While the use of multipath signal processing improves the performance of a CDMA receive processing system, interference of other multipath signals that occurs during processing of a particular multipath signal is still undesirable. This interference may cause fading, which may reduce the total number of communications that can be performed by a particular base station. Providing a method and apparatus for reducing the degree of interference of a set of inter-multipath signals further improves the performance of the multipath received signal system. The object of the present invention is in this respect, in addition to the object described below.

[0006]

[Means for Solving the Problems]

The present invention uses code polarization for code division multiple access (CD).
MA) A new and improved method and apparatus for improving transmission and reception signal processing using signals. In one embodiment, the right-handed and left-handed polarizations of the signal are transmitted using separate antennas, increasing the likelihood that differently polarized signals will be available at the receiving system, and with one delay. To provide additional diversity. The receiving system consists of a single polarized antenna and a diversity receiver that selects the best instance of the received signal, which typically depends on the polarization direction and antenna direction of those signals. I have.

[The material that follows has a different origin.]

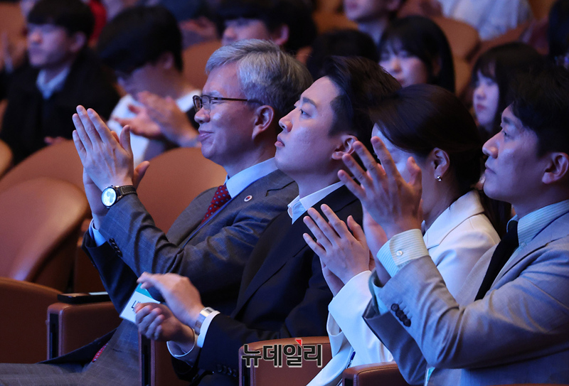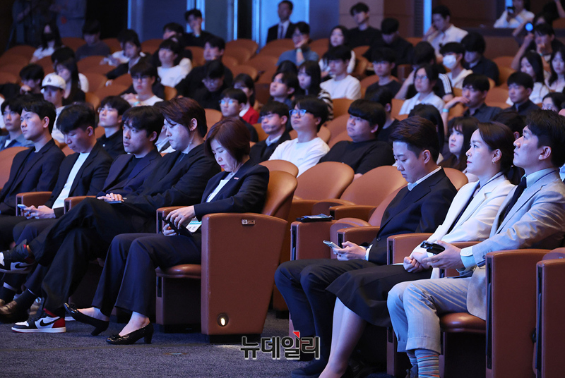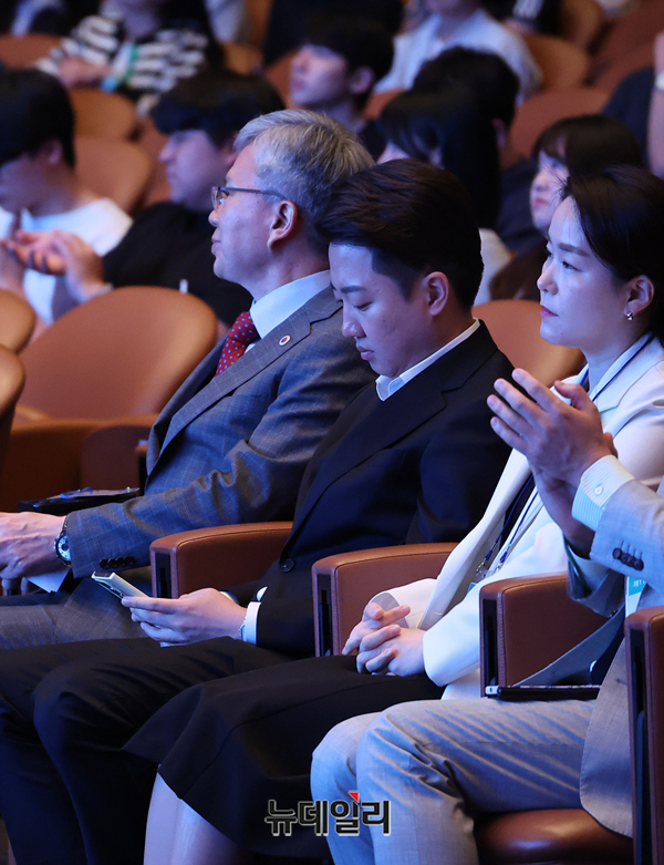 이준석 개혁신당 대선 후보가 17일 오전 서울 강남구 코엑스에서 열린 제11회 젊은의사포럼에 참석해 윤석열 전 대통령의 국민의힘 탈당 속보를 휴대폰으로 확인하고 있다.

In another embodiment, the receiving system comprises two antennas having different polarization characteristics and increasing the possibility of improving the quality of the received signal.

[0007]

DETAILED DESCRIPTION OF THE INVENTION The present invention is a new and improved method and apparatus for improving transmission and reception signal processing using code division multiple access (CDMA) signals using the polarization of the signal. In the following description, the present invention is implemented in a CDMA cellular telephone system operating according to the IS-95 standard. The present invention is particularly suited for the operation of cellular telephone systems operating according to the IS-95 standard, but is not intended for communications satellite systems or point-to-point
It can also be applied to other wireless communication systems such as nt-to-point communication systems, as well as rake receivers such as wired systems using sinusoidal signals and coaxial cable communication systems.

FIG. 2 is a simplified block diagram of a portion of a cellular telephone system constructed in accordance with one embodiment of the present invention. Base stations 22 and 22a are connected to a base station controller 24, which is connected to a telephone switching network (PSTN). PSTN is a common wired telephone network. As shown, base station 22 is transmitting RF signals to subscriber unit 20 for communication. Typically, the subscriber unit 20 transmits an RF signal to the base station 22, but this transmission has been omitted for simplicity.

In a preferred embodiment of the present invention, base station 22 includes right tilt signal 60 and left tilt signal 6
Two orthogonally polarized forward link signals, denoted as 2, are transmitted from antenna systems 54a and 54b. In this embodiment, these signals are
And corresponds to a digital signal generated by two RF subsystems 52a and 52b and received from a digital processing system (DPS) 53.
The DPS 53 receives the data transmitted from the BSC 44.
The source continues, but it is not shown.